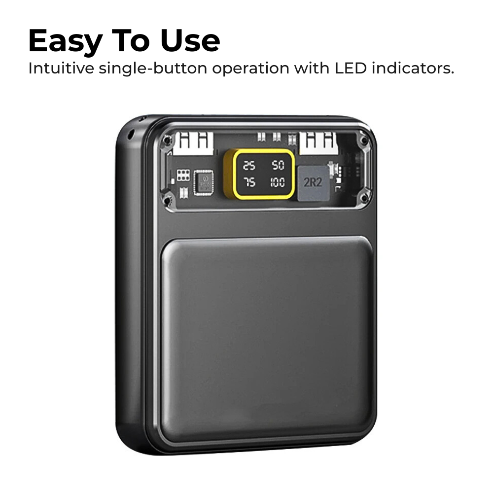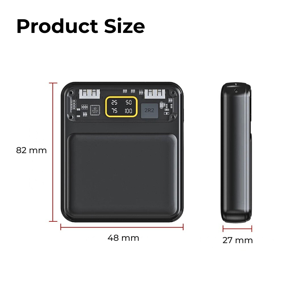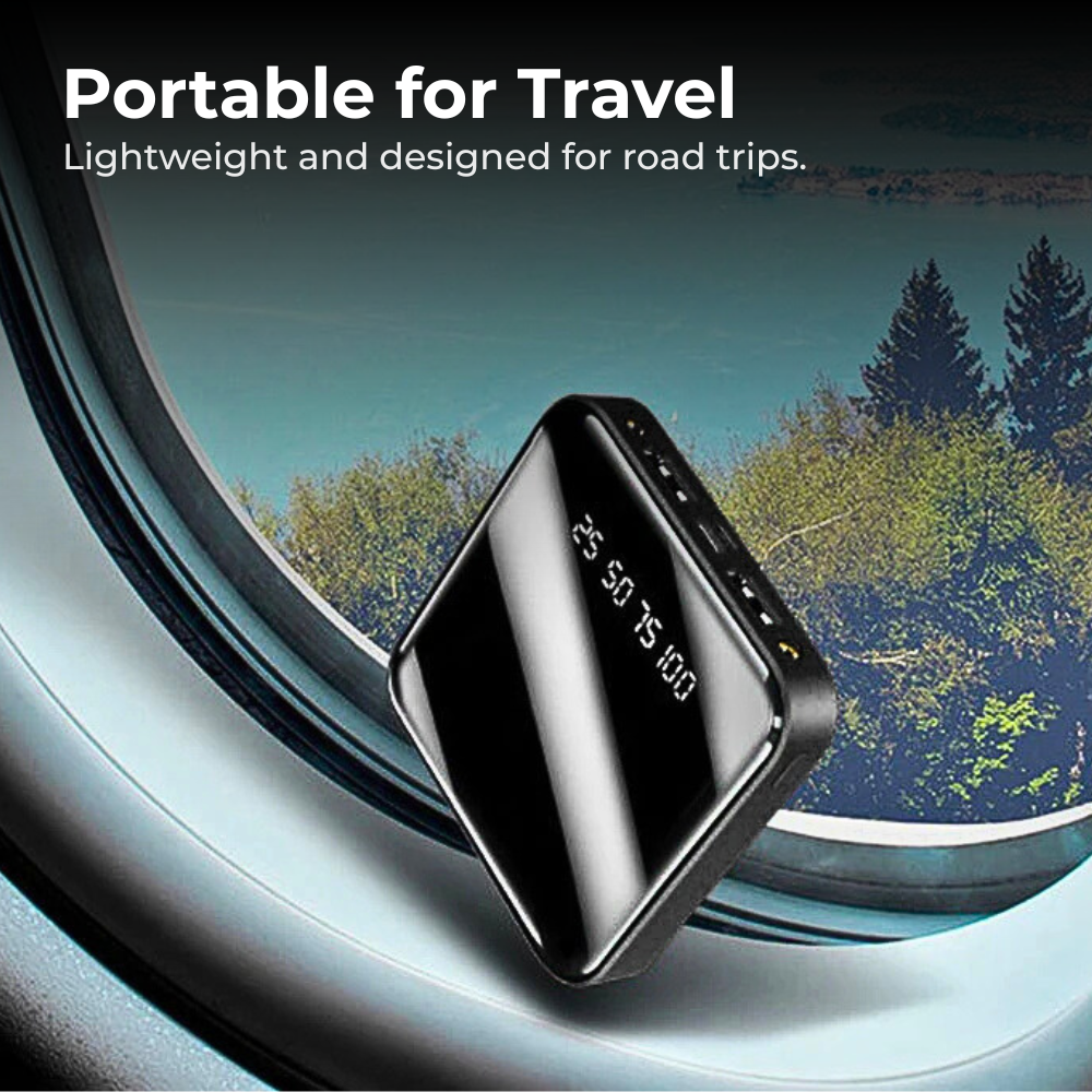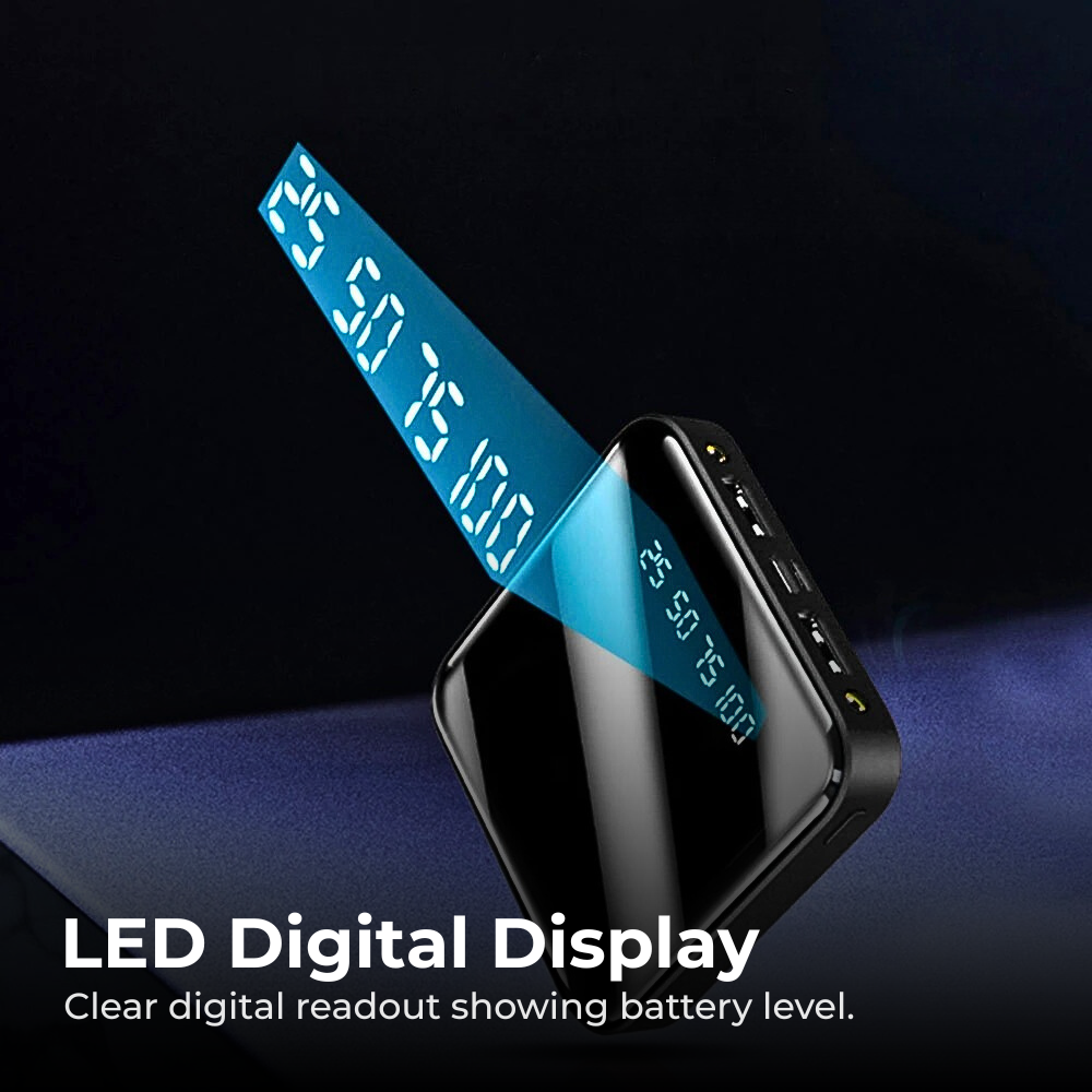 A sleek, pocketable power bank cover that combines stylish mirror finishing with practical portable power — this mini case houses convenient Type-C and Micro USB charging inputs, a USB output to charge phones and accessories, a bright built-in LED flashlight for emergencies, and a clear LED digital display so you always know remaining battery — lightweight and travel-ready, it slips into your bag or glove box and keeps your devices powered on the go with multi-protection safety features for peace of mind.
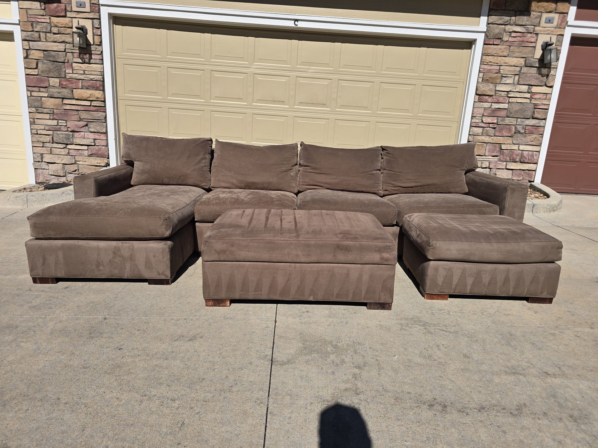 Brown Crate & Barrel Sectional Sofa W/ 2 Ottomans- Delivery Available
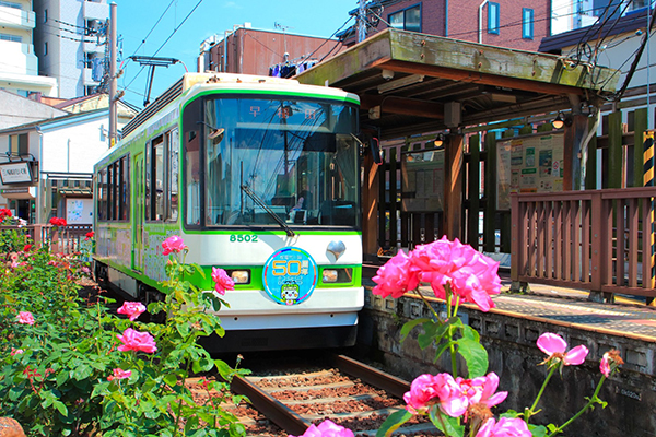 ●つかの間の晴れ空の下、薔薇が咲く三ノ輪橋で発車の時を待つ荒川線50周年記念号。
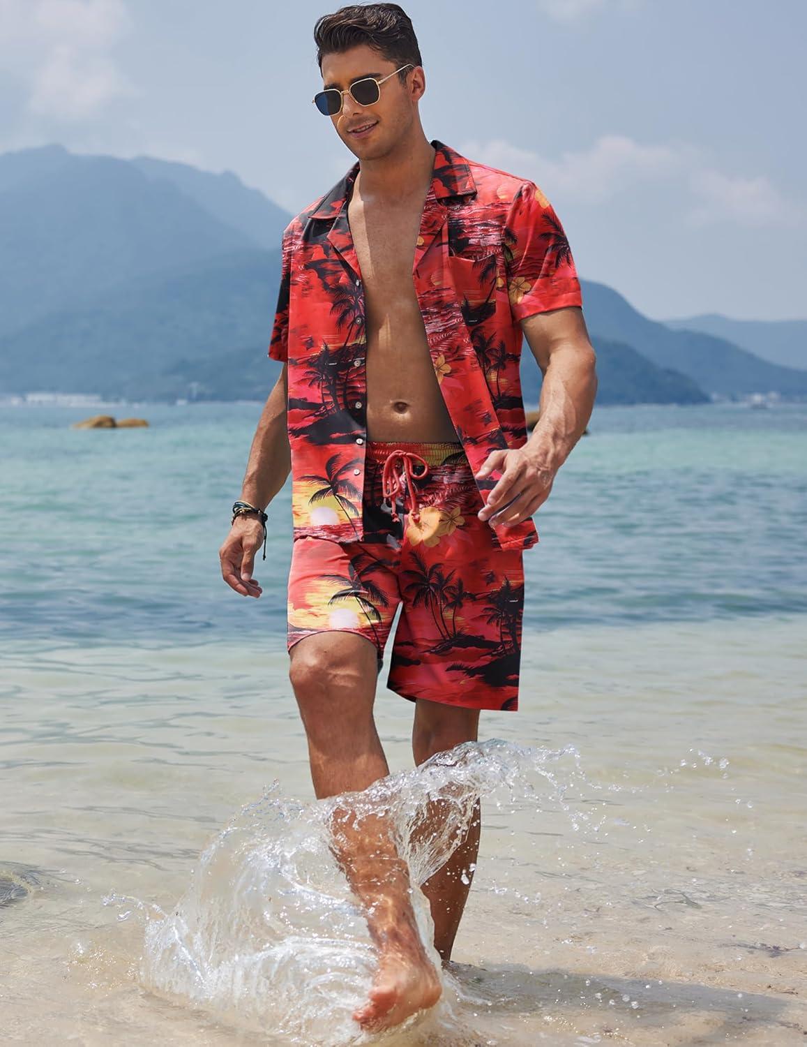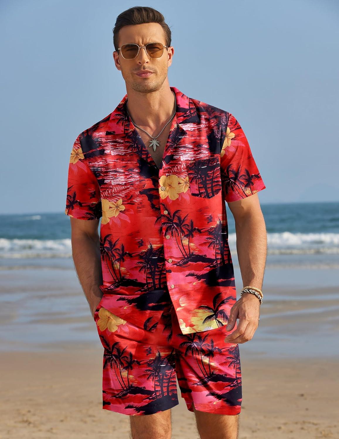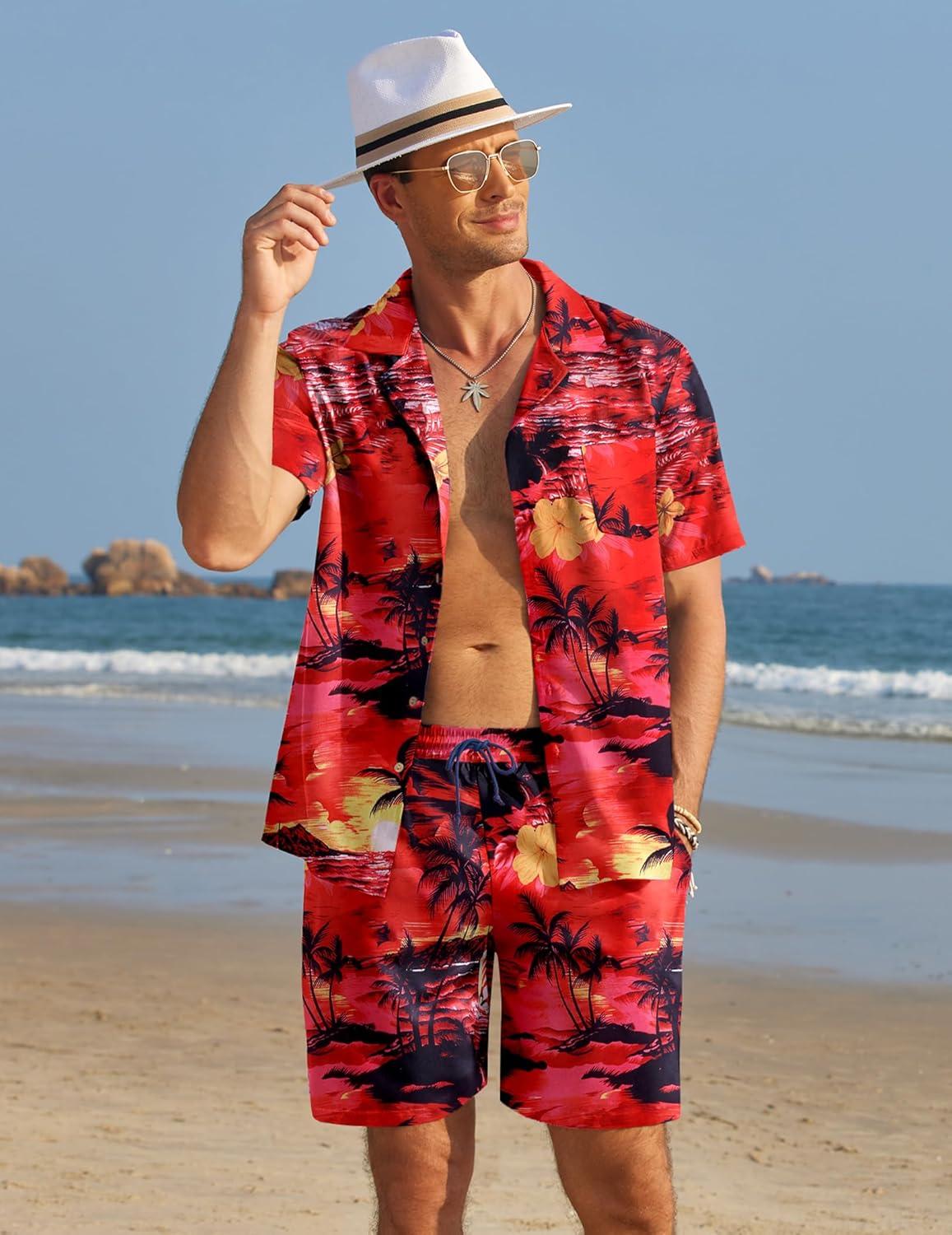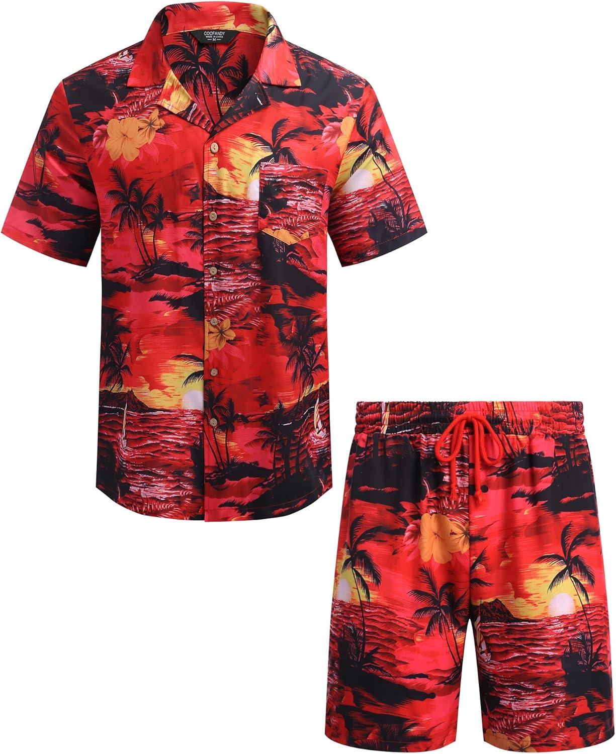 COOFANDY Mens Hawaiian Shirt and Shorts Set 2 Piece Vacation Outfits Floral Button Down Shirt(Red)

━━━━━━

(Exercise description):
From the listing, extract all text exactly as given and drop any picture.

(Task solution):
 A sleek, pocketable power bank cover that combines stylish mirror finishing with practical portable power — this mini case houses convenient Type-C and Micro USB charging inputs, a USB output to charge phones and accessories, a bright built-in LED flashlight for emergencies, and a clear LED digital display so you always know remaining battery — lightweight and travel-ready, it slips into your bag or glove box and keeps your devices powered on the go with multi-protection safety features for peace of mind.
 Brown Crate & Barrel Sectional Sofa W/ 2 Ottomans- Delivery Available
 ●つかの間の晴れ空の下、薔薇が咲く三ノ輪橋で発車の時を待つ荒川線50周年記念号。
 COOFANDY Mens Hawaiian Shirt and Shorts Set 2 Piece Vacation Outfits Floral Button Down Shirt(Red)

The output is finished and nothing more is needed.